慣れないうちはバランスをとるのが難しいため、時間については気にしないのがオススメ。最終的には基本のプランクと同じく、1回あたり1分程度できるようになればOKですよ。

ひざ曲げプランク

3つの応用編の中でも、最もハードと言えるのがこの膝曲げプランクです。

そのやり方は、基本のプランクポーズ中にもも上げのようなイメージで膝を曲げるというもの。曲げる際には、膝が胸の前ではなく腕の隣に来るよう横に曲げるのがポイントですね。

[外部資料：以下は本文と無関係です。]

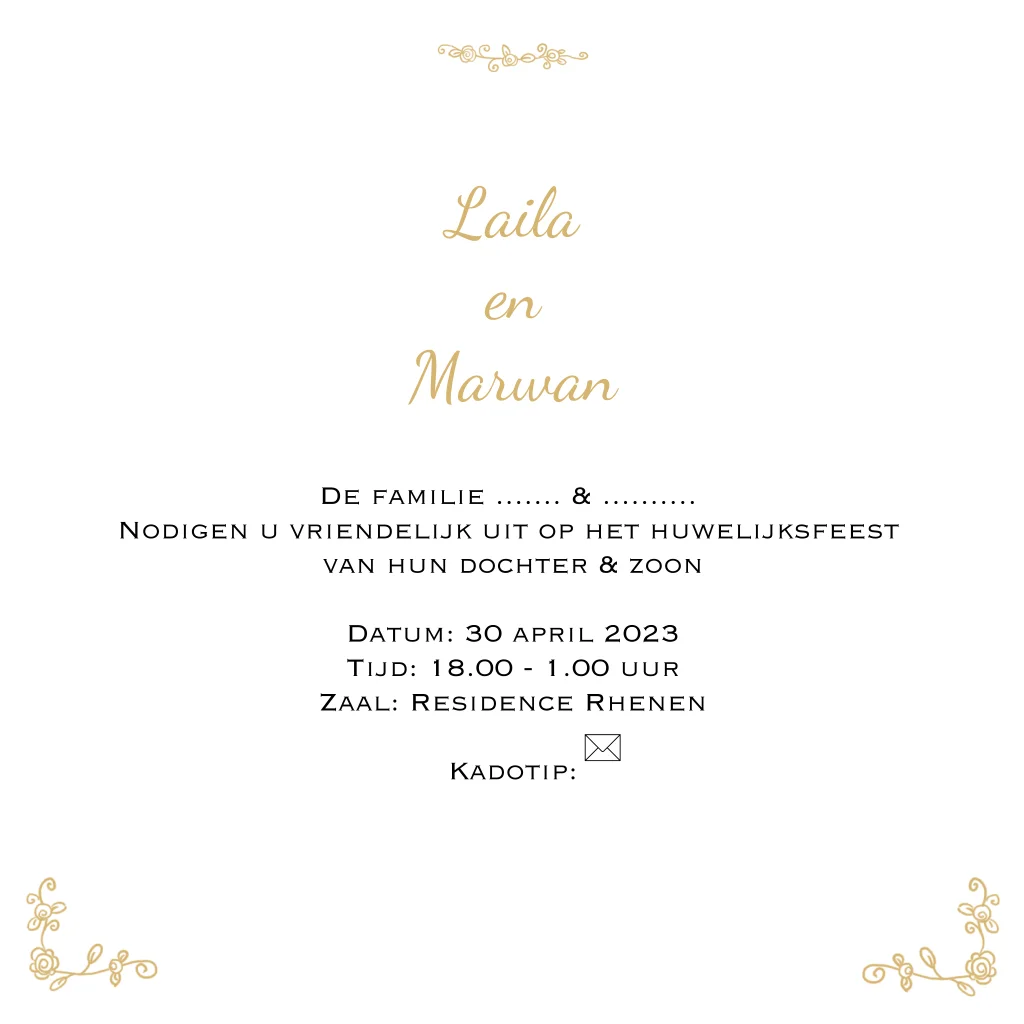 Arabisch islamitische trouwkaart gouden met krans van bloemen
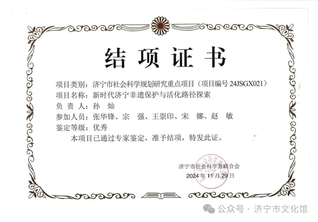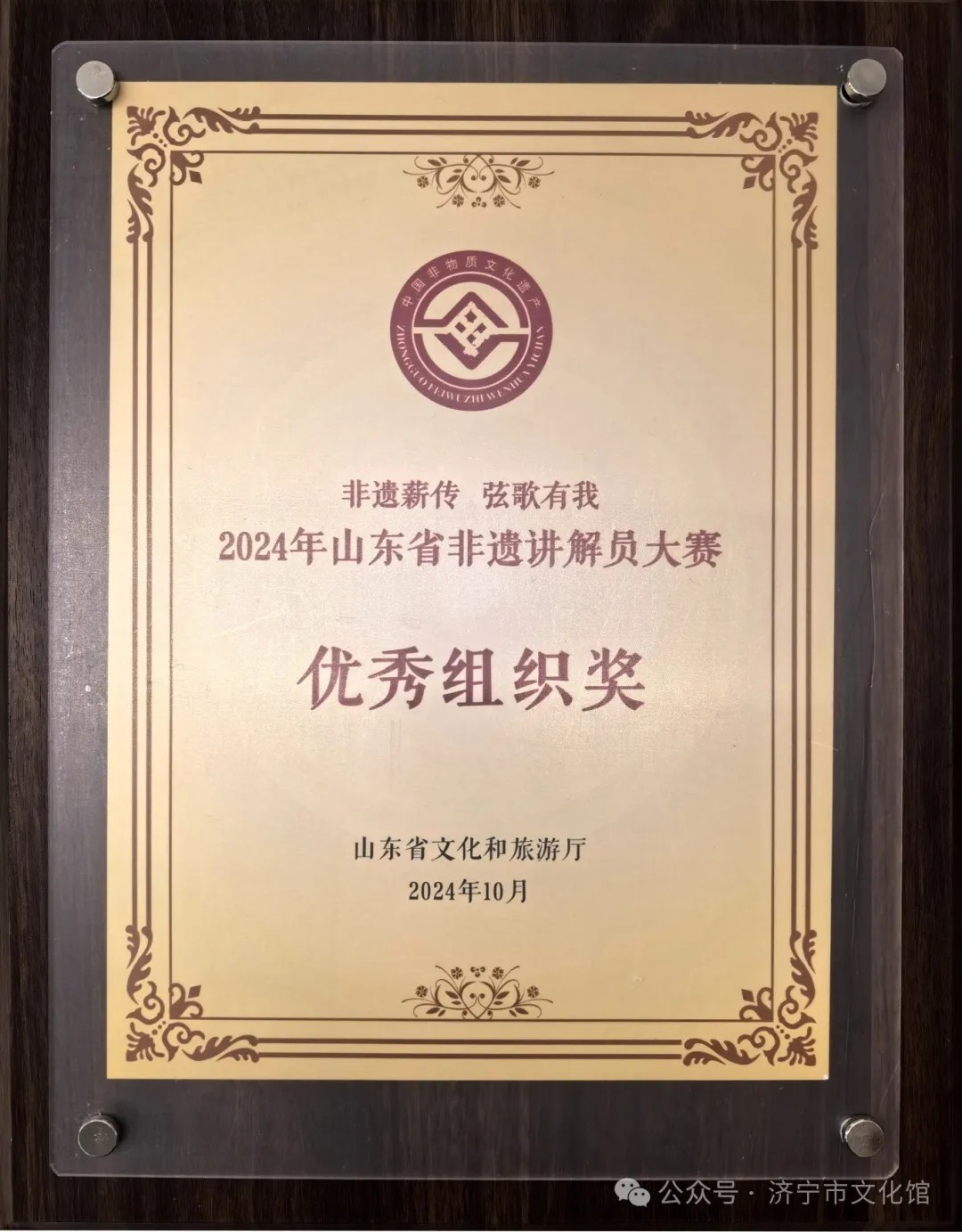 成功举办了15场非遗展演活动,开展“非遗小课堂”志愿服务项目96次。创新打造了“匠心遗韵•非遗研学行”活动。16个项目入选第六批省级非遗项目名录。三项工作荣获济宁市非遗保护亮点工作;1个项目入选国家级非遗生产性保护示范基地;五个案例入选山东省非遗工作典型案例。获全省非遗进校园优秀实践案例。组织项目参加第八届中国非遗博览会。

回数は両足合わせて40回程度が1セット当たりの目安となります。

他の2つと比べるとやっているうちにフォームが乱れやすいため、回数にとらわれず1回1回を丁寧に行っていくのがオススメ。お腹の筋肉や下半身の筋肉を、より効果的に鍛えることが出来ますよ。

プランクポーズにはヨガマットを忘れずに

プランクポーズを行う際には、可能な限りヨガマットを用意することをオススメします。

プランクポーズでは特にひじに体重がかかりやすいため、フローリングなど硬い場所ではもちろん絨毯や畳でもそれなりに痛い思いをすることになりますからね。

ヨガマットは高いクッション性に加えて滑り止めがついていることも多いため、快適にプランクポーズを行うためには必需品と言ってもいいアイテムですよ。